Elevenses  is a short break taken at around 11:00a.m. to consume a drink or snack. The names and details vary among countries.

Regional variations

Australia and New Zealand
In Australia and New Zealand, elevenses is known as "morning tea" and occurs at approximately 10:30am. Many workplaces organize morning teas for staff to welcome new employees, for special occasions such as a birthday, or simply as a regular event. Food will sometimes be provided by the business, but often employees will be expected to bring food to share.

Farmers, shearers and tradespeople in both countries often refer to this mid-morning break as Smoko.

Belgium 

In Flemish, this kind of snack is called a tienuurtje, literally a "little (one of) 10 o'clock". A tienuurtje typically consists of one or more cookies or some piece of fruit and may be accompanied by fruit juice or chocolate milk. Many parents give their children a tienuurtje to eat during the mid-morning school break.
A similar kind of snack for the afternoon break is called a vieruurtje, literally "little (one of) 4 o'clock".

Chile
In many Spanish-speaking cultures, elevenses is observed under the name las once or la once (in Spanish, once means 'eleven'). However, in Chile it has shifted to the afternoon, sometimes replacing the traditional dinner.

In the 2010–2011 National Food Consumption Survey, around 80% of the Chileans reported having once. This is due to once sometimes replacing the traditional dinner in Chile, which only 30% of the population reported having. Here, traditional dinner means a proper meal with vegetables, meat, poultry and fish. La once resembles a light version of British High Tea.

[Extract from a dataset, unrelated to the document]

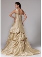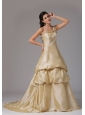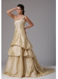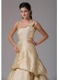 Wholesale A-line Champagne One Shoulder Prom Dress With Appliques Decorate Bust Ruffled Layered In Guilford Connecticut
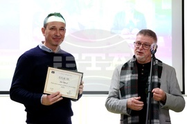 София (22 януари 2024) В Столичната библиотека се провежда церемония по връчване на Деветите „Годишни награди“ Писател на годината & Читател на годината за 2023-та година. На снимката: грамота за най-четен автор на научна и научнопопулярна литература получава проф. д.ф.н. Цочо Бояджиев.

An alternative widespread, but unfounded, popular etymology for the word in Chile is that priests (in other versions, workers or women) used the phrase tomar las once (Spanish: "drink the eleven") in reference to the eleven letters of the word Aguardiente to conceal the fact that they were drinking during the day.

Colombia

In Colombia, it is common to have a snack named onces. It consists mainly of hot chocolate or coffee  with arepa, bread, or crackers, usually taken around 5:00 p.m. In the morning, the snack consist of the same type of food but it is called medias nueves. It is served generally between 9:00 and 11:00.

Hungary 
Elevenses in Hungarian is called Tíz-órai which translates to "of the 10 o'clock", referring to "the meal of the 10 o'clock". This is a break between breakfast and lunch, when it is time for a light meal or snack. In schools the early lunch break is called a Tíz-órai break.  Parallel to the word Elevenses, Tíz-órai is often called Tenses "Tenzeez" by Hungarian-Americans and Hungarian-Britons.

India 
In certain parts of rural India, especially in northern states like Punjab, it is a usual practice to take tea break after couple of hours of breakfast. When the practice began, there was no set clock and break is usually between 10-11am, so it was named after 10am, as "Das-Baja" (means 10 o'clock tea).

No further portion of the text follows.